Records for the task below:

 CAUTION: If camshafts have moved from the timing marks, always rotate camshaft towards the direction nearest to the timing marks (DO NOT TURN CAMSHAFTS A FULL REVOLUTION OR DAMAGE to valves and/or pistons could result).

End of Records for the task.
Records for the task below:

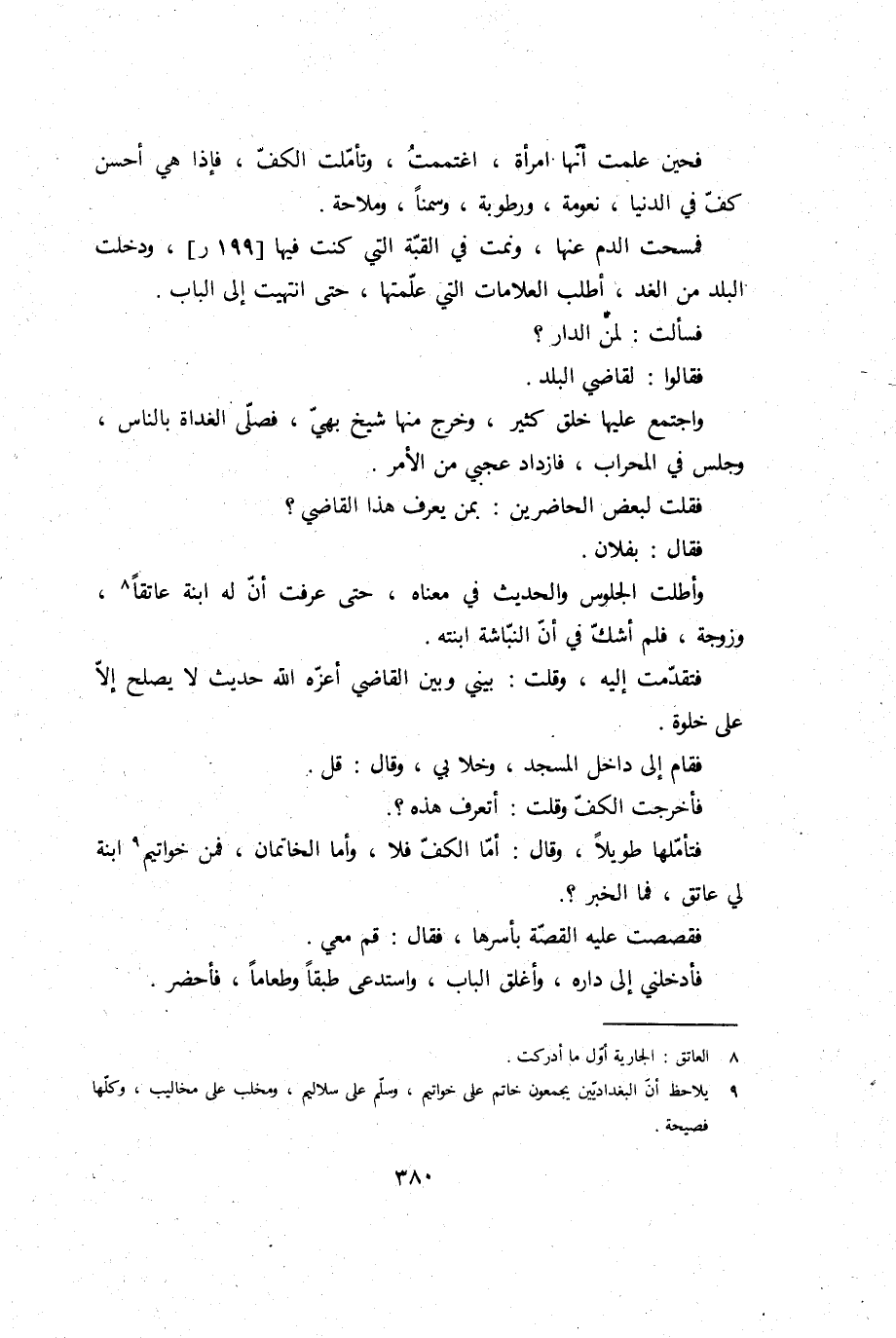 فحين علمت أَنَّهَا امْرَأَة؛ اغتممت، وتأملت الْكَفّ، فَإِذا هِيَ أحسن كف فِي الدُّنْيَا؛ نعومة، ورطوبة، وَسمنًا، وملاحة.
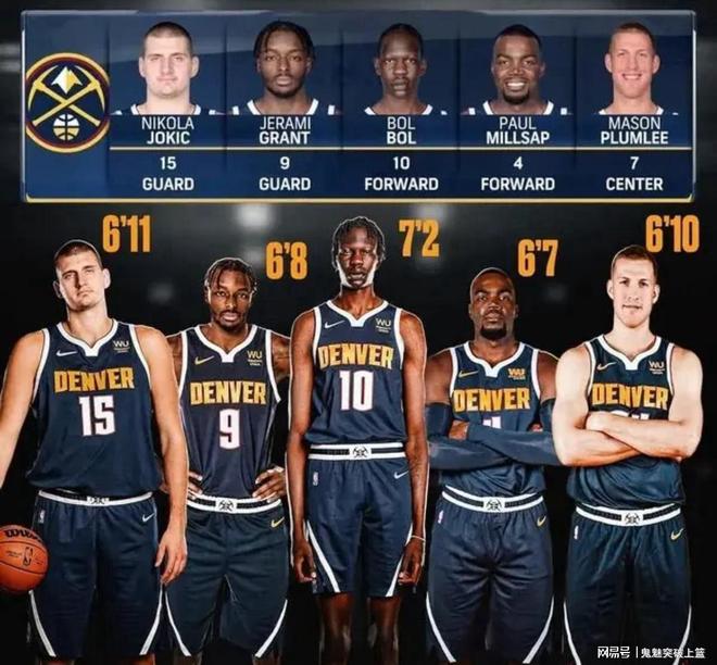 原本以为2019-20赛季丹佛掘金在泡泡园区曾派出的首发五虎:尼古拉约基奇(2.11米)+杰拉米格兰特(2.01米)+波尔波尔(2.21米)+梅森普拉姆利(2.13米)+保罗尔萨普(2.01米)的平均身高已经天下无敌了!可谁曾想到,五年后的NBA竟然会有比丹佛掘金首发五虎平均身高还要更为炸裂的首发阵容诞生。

End of Records for the task.
Records for the task below:

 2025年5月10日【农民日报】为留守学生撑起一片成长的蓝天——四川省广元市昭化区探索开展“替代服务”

End of Records for the task.

## Task statement
While skipping the pictures, transcribe the data above from the line showing "فحين علمت أَنَّهَا" through the line showing "原本以为2019-20赛季丹", exactly and with both ends.

## Solution for this exercise
 فحين علمت أَنَّهَا امْرَأَة؛ اغتممت، وتأملت الْكَفّ، فَإِذا هِيَ أحسن كف فِي الدُّنْيَا؛ نعومة، ورطوبة، وَسمنًا، وملاحة.
 原本以为2019-20赛季丹佛掘金在泡泡园区曾派出的首发五虎:尼古拉约基奇(2.11米)+杰拉米格兰特(2.01米)+波尔波尔(2.21米)+梅森普拉姆利(2.13米)+保罗尔萨普(2.01米)的平均身高已经天下无敌了!可谁曾想到,五年后的NBA竟然会有比丹佛掘金首发五虎平均身高还要更为炸裂的首发阵容诞生。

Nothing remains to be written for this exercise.